The following routine is the block-allocation procedure in a fixed-size allocator being written for library use. It is designed to be accessed from C++ (the un-mangled symbol name is void * Superblock::alloc_block()). The performance of this routine is the critical to the library; and I, with almost no prior experience in assembly, am looking for suggestions about performance and also any holes in the logic. It seems to be working correctly right now, but I'm worried about edge cases.

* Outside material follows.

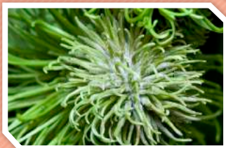
โรคราแป้งเงาะ

ราแป้งทำลายเงาะได้ทุกระยะการเจริญเติบโต แต่อาการรุนแรงและความเสียหายเกิดที่ผลอ่อน อาการที่สังเกตเห็นได้ คือ ใบอ่อน ช่อดอก ผลอ่อน จะมีผงฝุ่นแป้งปกคลุมอยู่ ทำให้ผลอ่อนร่วง ในระยะผลโต ถ้าเป็นโรคนี้อาจทำให้ผลสุกปรกและเกิดอาการเงาะขนเกรียนหรือกุดสั้น ขายไม่ได้ราคา มักระบาดในช่วงอากาศเย็นและชื้น ราจะขึ้นปกคลุมผิวของพืชและสร้างอวัยวะคล้ายรากแทงเข้าไปดูดกินน้ำเลี้ยงภายในพืช

Execution context: written for x86_64 System V abi, full allocator may be found here: https://github.com/cmura81/experimental-allocator.
alloc_sb_alloc_block.s:
.globl __ZN10Superblock11alloc_blockEv
// 'this is passed in %rdi
// Variables:
// this->beginning = 0(%rdi) +8
// this->last_privately_freed_block = 8(%rdi) +8
// this->last_publicly_freed_block = 16(%rdi) +8
// this->block_size = 24(%rdi) +2
// this->free_blocks = 26(%rdi) +2
// this->max_blocks = 28(%rdi) +2
__ZN10Superblock11alloc_blockEv:
xorq %rcx, %rcx
// this->beginning -> rsi
movq 0(%rdi), %rsi
// allocated_block = this->last_privately_freed_block
movq 8(%rdi), %rax
// if this->last_privately_freed_block == NULL
testq %rax, %rax
jz __ZN10Superblock11alloc_blockEv.i_pubchalloc
// this->free_blocks--
decw 26(%rdi)
// Move 2 bytes from rax into edx
movzwl (%rax), %edx
notw %dx
jz __ZN10Superblock11alloc_blockEv.i_nbi_ffff
notw %dx
movslq %edx, %rcx
// this->last_privately_freed_block = this->beginning + next_block_index
addq %rcx, %rsi
movq %rsi, 8(%rdi)
ret
__ZN10Superblock11alloc_blockEv.i_nbi_ffff:
movq $0, 8(%rdi)
ret
__ZN10Superblock11alloc_blockEv.i_pubchalloc:
movq 16(%rdi), %rax
// if this->last_publicly_freed_block == NULL
testq %rax, %rax
jz __ZN10Superblock11alloc_blockEv.i_noalloc
// this->free_blocks--
decw 26(%rdi)
// if *(uint16_t)(this->last_publicly_freed_block + next_block_index) == 0xFFFF
movzwl (%rax), %edx
notw %dx
jz __ZN10Superblock11alloc_blockEv.i_pubnbi_ffff
notw %dx
movslq %edx, %rcx
// this->last_privately_freed_block = this->beginning + next_block_index
addq %rcx, %rsi
movq %rsi, 16(%rdi)
ret
__ZN10Superblock11alloc_blockEv.i_pubnbi_ffff:
movq $0, 8(%rdi)
ret
__ZN10Superblock11alloc_blockEv.i_noalloc:
movq $0, %rax
ret